By Sheyna Steiner · Bankrate.com
Monday, May 12, 2014
Posted: 11 am ET

Talk to any investment adviser and they will tell you that nearly all their clients come in with one goal: to make as much money as possible without taking any risk.

Like the proverbial free lunch, it isn't happening.

© alphaspirit/Shutterstock.com

Investing in stocks offers the potential for high returns as well as steep losses.

Needed returns don't match risks

But investors still have unrealistic goals about what their investments can do and how much risk they need to take to get the returns they want, according to a new survey by Natixis Global Asset Management.

Americans have exceedingly high expectations for future investment returns, the survey reports. According to Natixis, survey respondents need average yearly returns of 9.80 percent above the rate of inflation to meet their future financial needs.

No matter which yardstick you use to measure inflation, 9.80 percent above the historical average rate of inflation is a lot: Investors need returns of at least 12.80 percent. The Natixis survey puts the historical average inflation rate at about 4 percent, but around 3 percent is often used.

The geometric mean return, or the compound average growth rate, of the S&P 500 since 1928 through 2013 was 9.55 percent. From 2004 to 2013 the geometric average was 7.30 percent, according to the New York University Stern School of Business.
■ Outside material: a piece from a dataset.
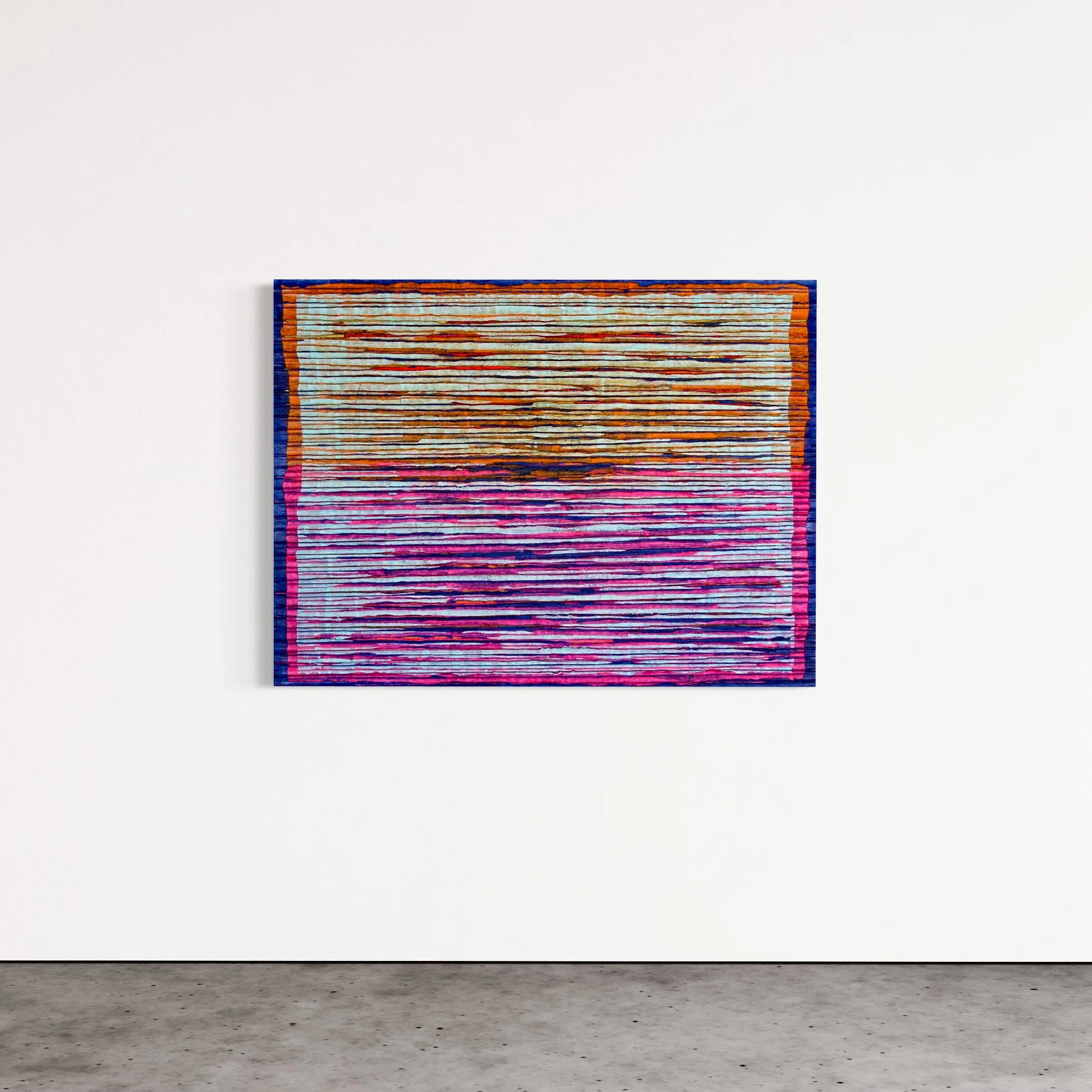 In Radiant Fissures, quiet equilibrium gives way to emergence. Layers of paper—first built, pressed, and fixed into place—are later stripped, cut, and abraded along measured paths, revealing what was not necessarily meant to be seen. Each incision exposes a hidden interval of color, as if radiance itself were uncovered through loss and fracture. What was painstakingly constructed is partially undone, its destruction becoming a kind of revelation. The compositions balance precision and surrender: linear frameworks contain the aftermath of erasure, while remnants of pigment linger like memory beneath the surface. The result is both architectural and ephemeral—a quiet force unfolding through seam and fracture, where beauty arrives not through perfection, but through what is allowed to be undone.

The geometric mean accounts for compounding across multiple holding periods. It's always lower than the arithmetic average.

People aren't all in stocks

It's a good bet that most individual investors don't put all their investment dollars into the stock market, though.

The majority of participants in the Natixis survey, 56 percent, said that they are only willing to take minimal risks to achieve higher returns.

Not surprisingly, most investors, 54 percent, say they don't have a financial plan in place. And 79 percent rely on gut instincts when making investment decisions.

There were encouraging signs though: 82 percent of those surveyed said they were willing to set target investment returns based on their own goals, independent of market returns.

"They would be happy to achieve the rate of return based on their goals, even if they underperformed the market," says David Giunta, president and chief executive officer of Natixis Global Asset Management.

For many people, extra savings will have to make up a large part of their retirement shortfall as few investments can provide the level of returns needed.

Do you plan to save extra hard or are you willing to take some risks with your retirement portfolio?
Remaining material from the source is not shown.